Leonel de Lima (1403 – 13 April 1495) was a Portuguese nobleman, the first Viscount of Vila Nova de Cerveira and the first person to hold a noble title of viscount in Portugal. Born into a noble family, he inherited lands and rights, which he actively defended. He expanded his influence over the town of Ponte de Lima, leading to several conflicts between the two. He held multiple offices, such as alcaide in Ponte de Lima and coudel.

== Early Life and Family Background ==

Leonel de Lima was born in 1403, son of Fernão Eanes de Lima and Teresa da Silva.
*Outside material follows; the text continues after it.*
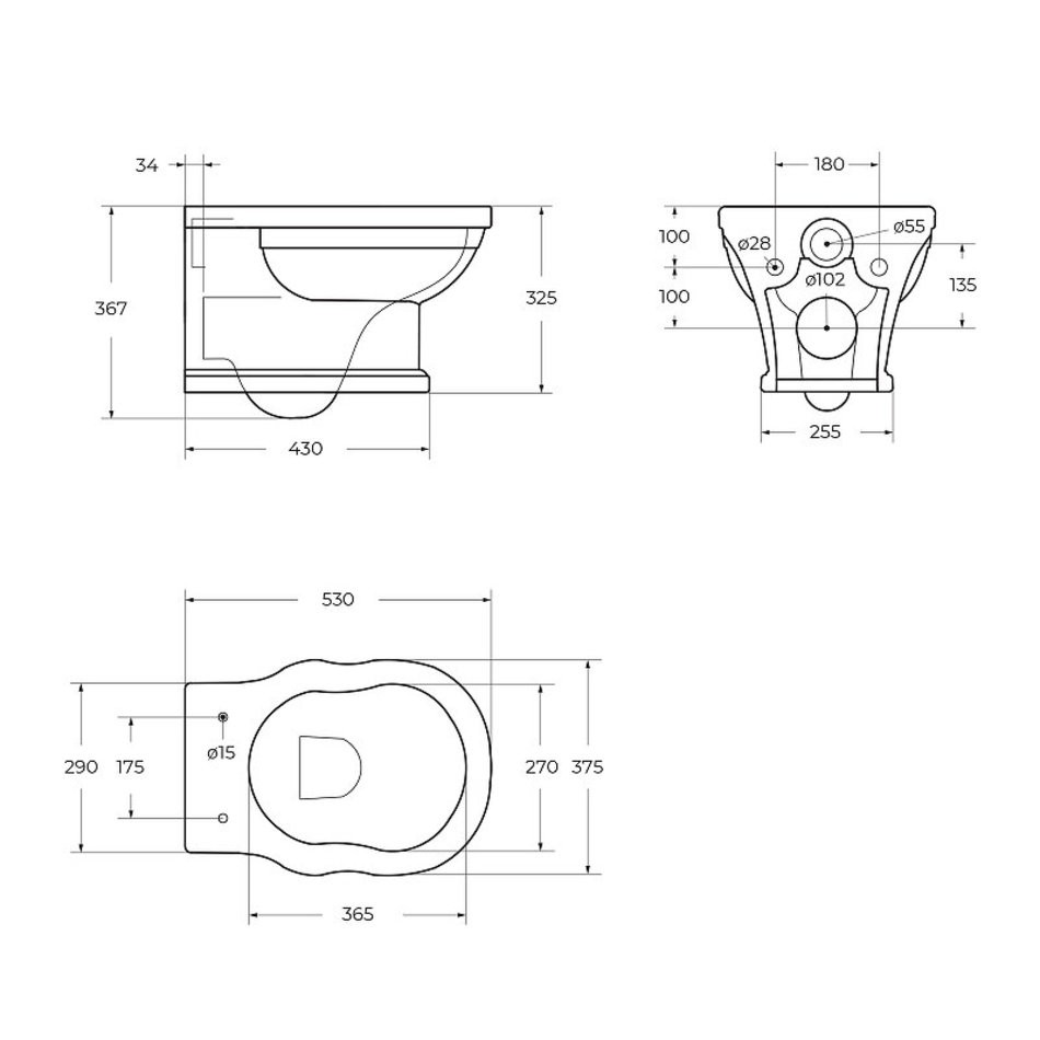 - Размер унитаза: 37.5 x 53 x 36.7 см

His father, Fernão Eanes, was a notable nobleman who significantly elevated the family's status through royal favor granted by King João I of Portugal. Fernão was granted extensive lands and jurisdictions, including the house in Giela, in Arcos de Valdevez and the territories of Fraião, Coura, São Martinho, São Estêvão, Jaraz, and Vai de Vez, in the region of Entre Douro e Minho, with full civil and criminal jurisdiction rights. These grants, made between 1398 and 1399, firmly established the Lima family's territorial base and legal authority in northern Portugal. Fernão also held the office of coudel, an administrative and judicial role that included privileges such as appointing meirinhos (local magistrates).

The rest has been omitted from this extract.